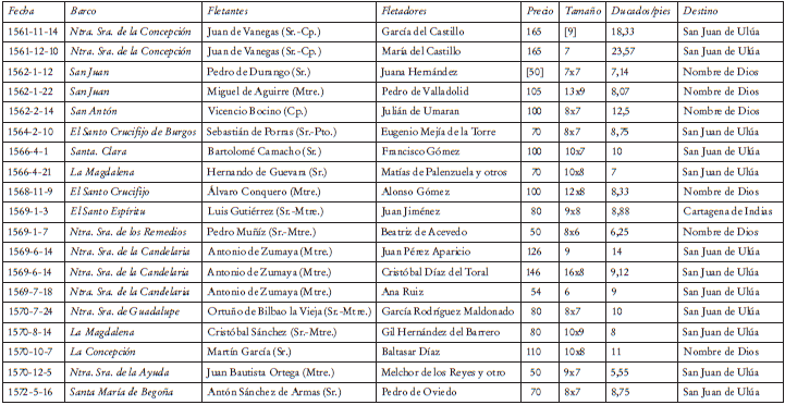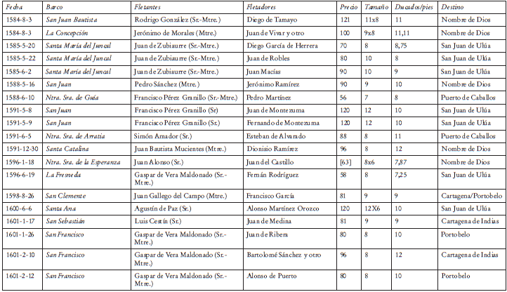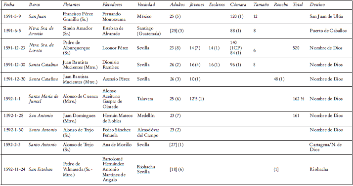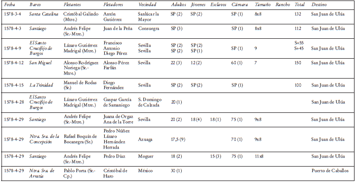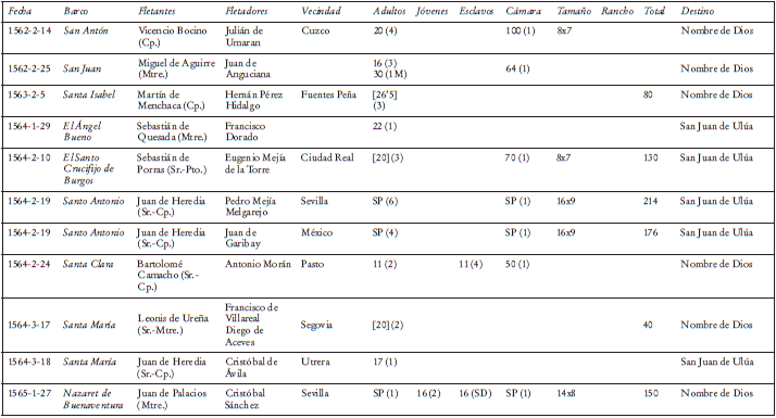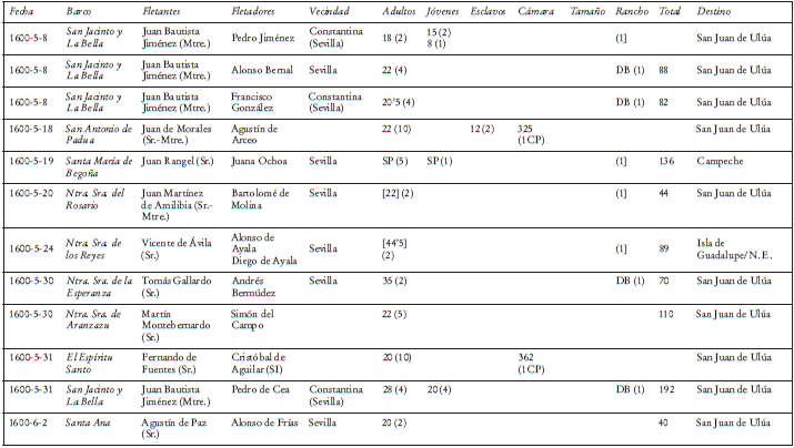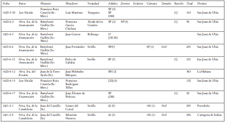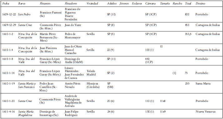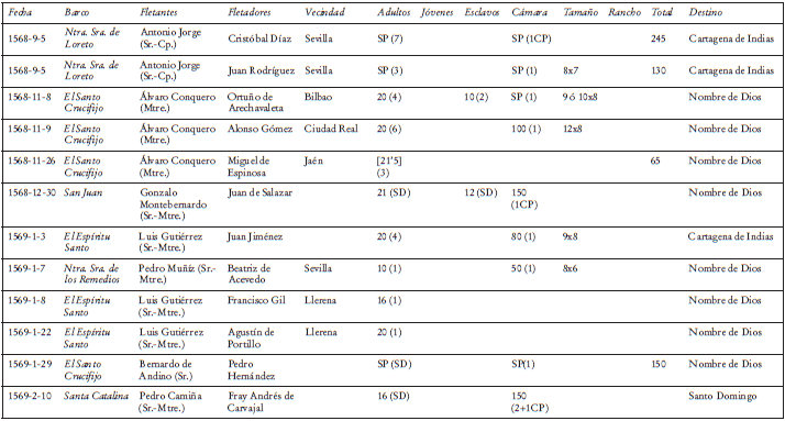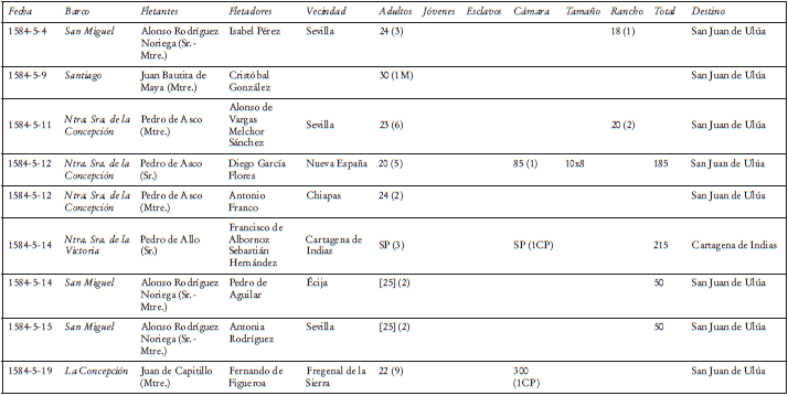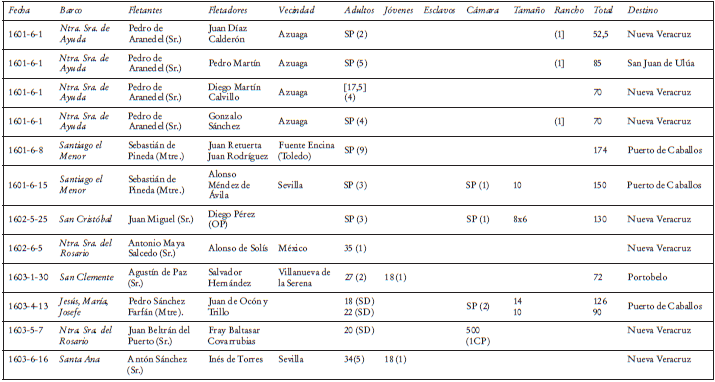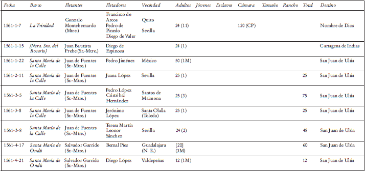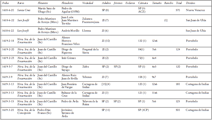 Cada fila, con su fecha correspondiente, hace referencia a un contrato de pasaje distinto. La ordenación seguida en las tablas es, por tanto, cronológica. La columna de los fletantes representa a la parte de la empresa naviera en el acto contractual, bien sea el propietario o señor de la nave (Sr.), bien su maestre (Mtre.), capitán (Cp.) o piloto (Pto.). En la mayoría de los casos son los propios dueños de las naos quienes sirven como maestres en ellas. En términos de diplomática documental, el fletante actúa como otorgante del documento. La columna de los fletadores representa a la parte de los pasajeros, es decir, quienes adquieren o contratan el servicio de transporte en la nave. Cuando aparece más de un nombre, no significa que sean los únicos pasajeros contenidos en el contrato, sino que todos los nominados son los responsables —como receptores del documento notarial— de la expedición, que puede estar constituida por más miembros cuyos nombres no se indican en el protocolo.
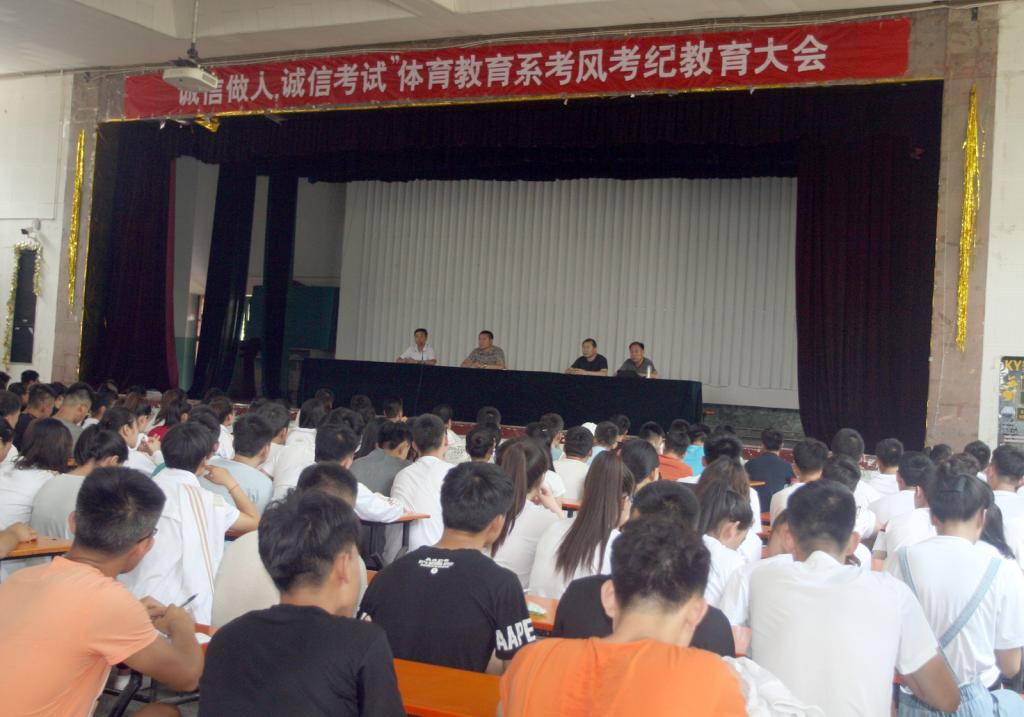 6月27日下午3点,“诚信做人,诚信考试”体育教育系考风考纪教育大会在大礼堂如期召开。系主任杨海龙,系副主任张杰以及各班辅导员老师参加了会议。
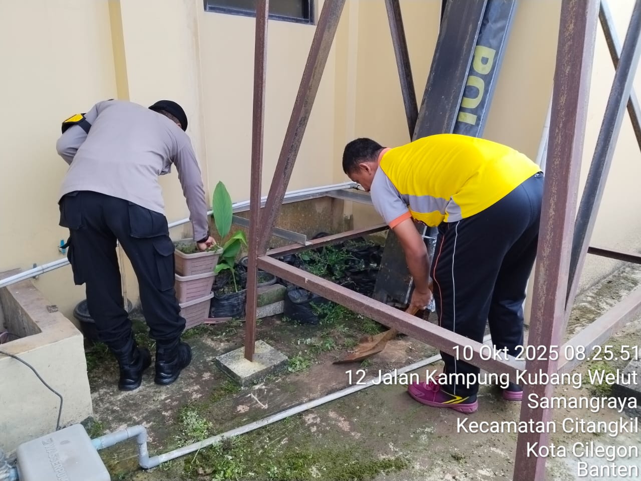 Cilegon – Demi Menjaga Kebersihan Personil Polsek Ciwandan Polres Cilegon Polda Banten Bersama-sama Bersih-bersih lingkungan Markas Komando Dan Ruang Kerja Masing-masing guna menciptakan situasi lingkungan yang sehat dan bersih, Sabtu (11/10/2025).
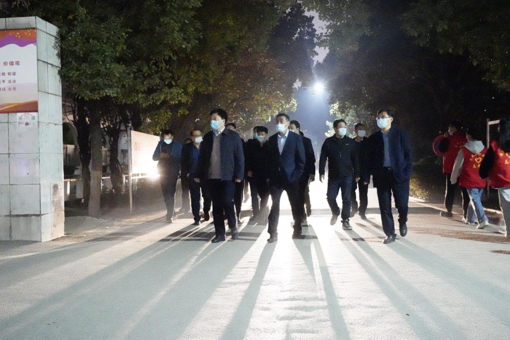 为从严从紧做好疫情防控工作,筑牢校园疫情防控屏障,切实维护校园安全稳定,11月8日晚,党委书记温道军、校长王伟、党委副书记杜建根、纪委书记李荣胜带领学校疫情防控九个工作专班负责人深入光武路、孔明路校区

________________

Exercise:
Starting with the line that contains "Cilegon – Demi Menjaga", repeat each line exactly through the last line of the data above, and nothing more; the pictures stay out.

Solution to this task:
 Cilegon – Demi Menjaga Kebersihan Personil Polsek Ciwandan Polres Cilegon Polda Banten Bersama-sama Bersih-bersih lingkungan Markas Komando Dan Ruang Kerja Masing-masing guna menciptakan situasi lingkungan yang sehat dan bersih, Sabtu (11/10/2025).
 为从严从紧做好疫情防控工作,筑牢校园疫情防控屏障,切实维护校园安全稳定,11月8日晚,党委书记温道军、校长王伟、党委副书记杜建根、纪委书记李荣胜带领学校疫情防控九个工作专班负责人深入光武路、孔明路校区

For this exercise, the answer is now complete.